Provided material
"""

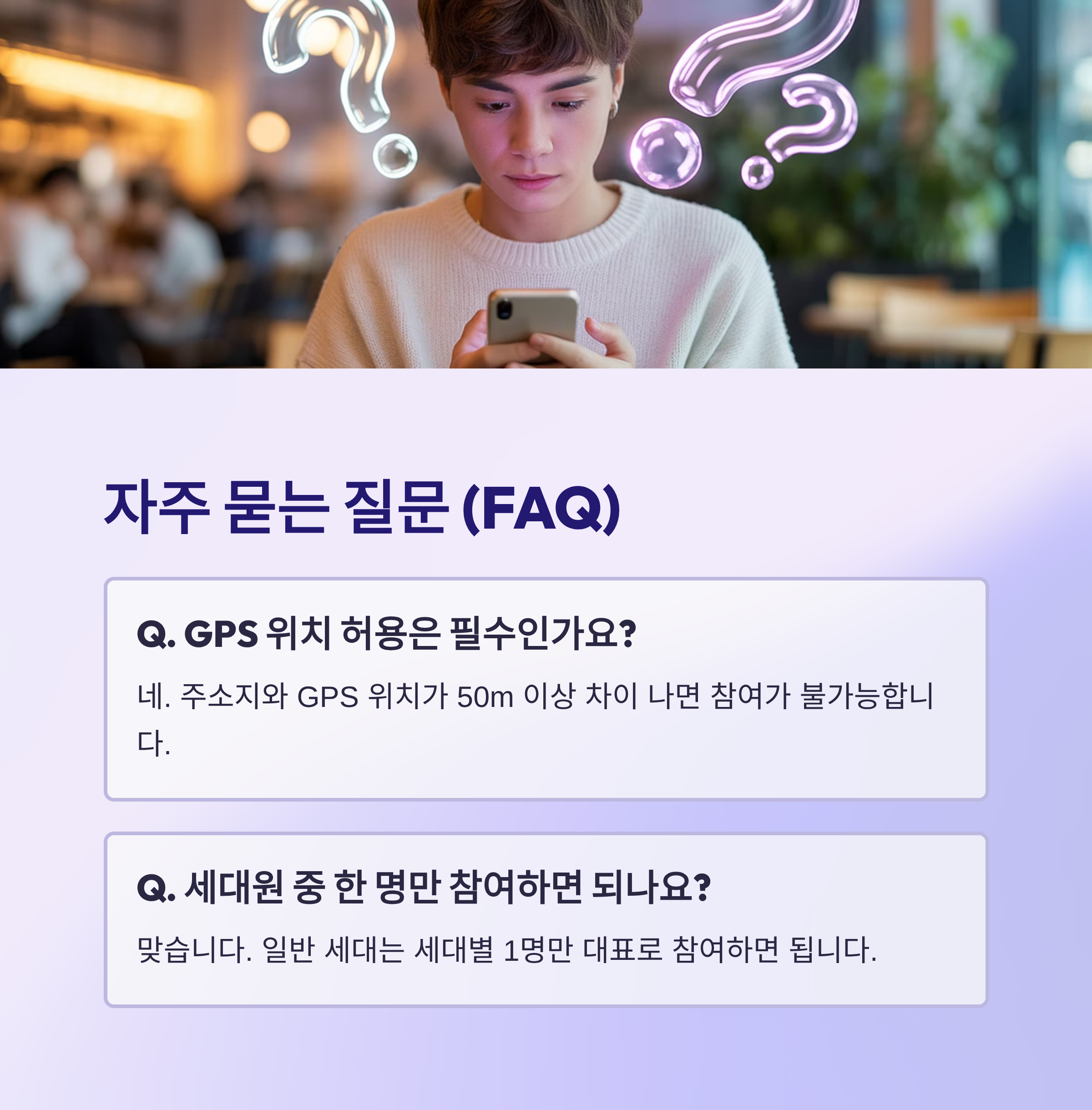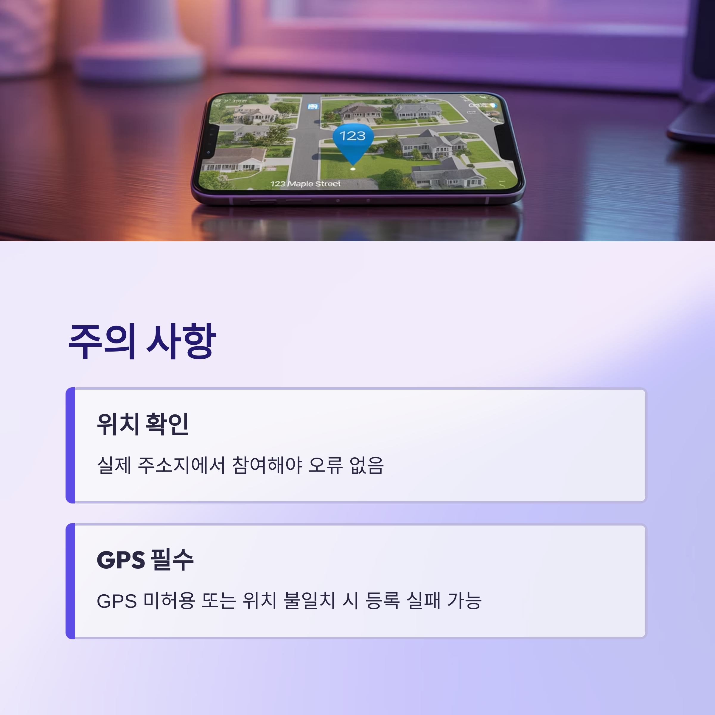 A1. 네. 주소지와 GPS 위치가 50m 이상 차이 나면 참여가 불가능하므로, 반드시 위치정보를 허용하고 실제 거주지에서 진행해야 합니다.
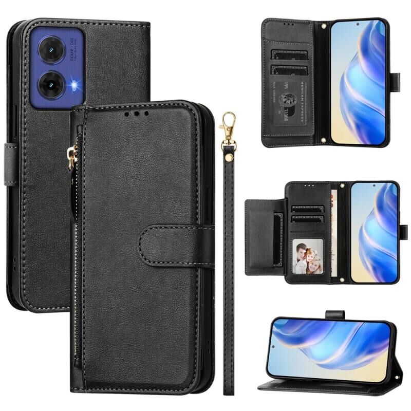 Θήκη τηλεφώνου δερμάτινη με φερμουάρ και πολλαπλές θήκες καρτών για Motorola Moto G85 (Μαύρο)
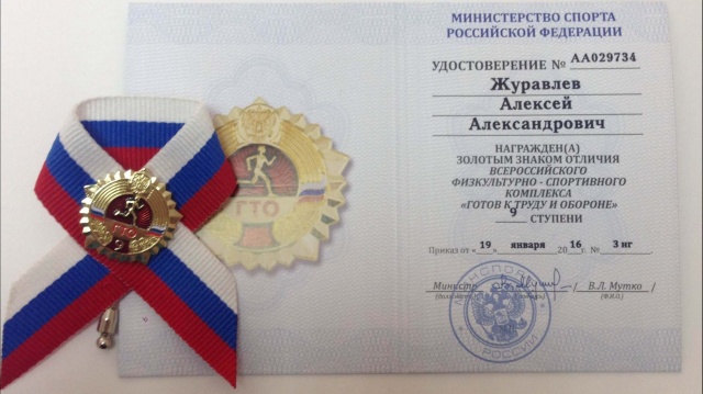 Золотой знак ГТО Алексея Журавлева

"""

Exercise
Reproduce the listing word for word and omit its pictures.

Expected answer
 A1. 네. 주소지와 GPS 위치가 50m 이상 차이 나면 참여가 불가능하므로, 반드시 위치정보를 허용하고 실제 거주지에서 진행해야 합니다.
 Θήκη τηλεφώνου δερμάτινη με φερμουάρ και πολλαπλές θήκες καρτών για Motorola Moto G85 (Μαύρο)
 Золотой знак ГТО Алексея Журавлева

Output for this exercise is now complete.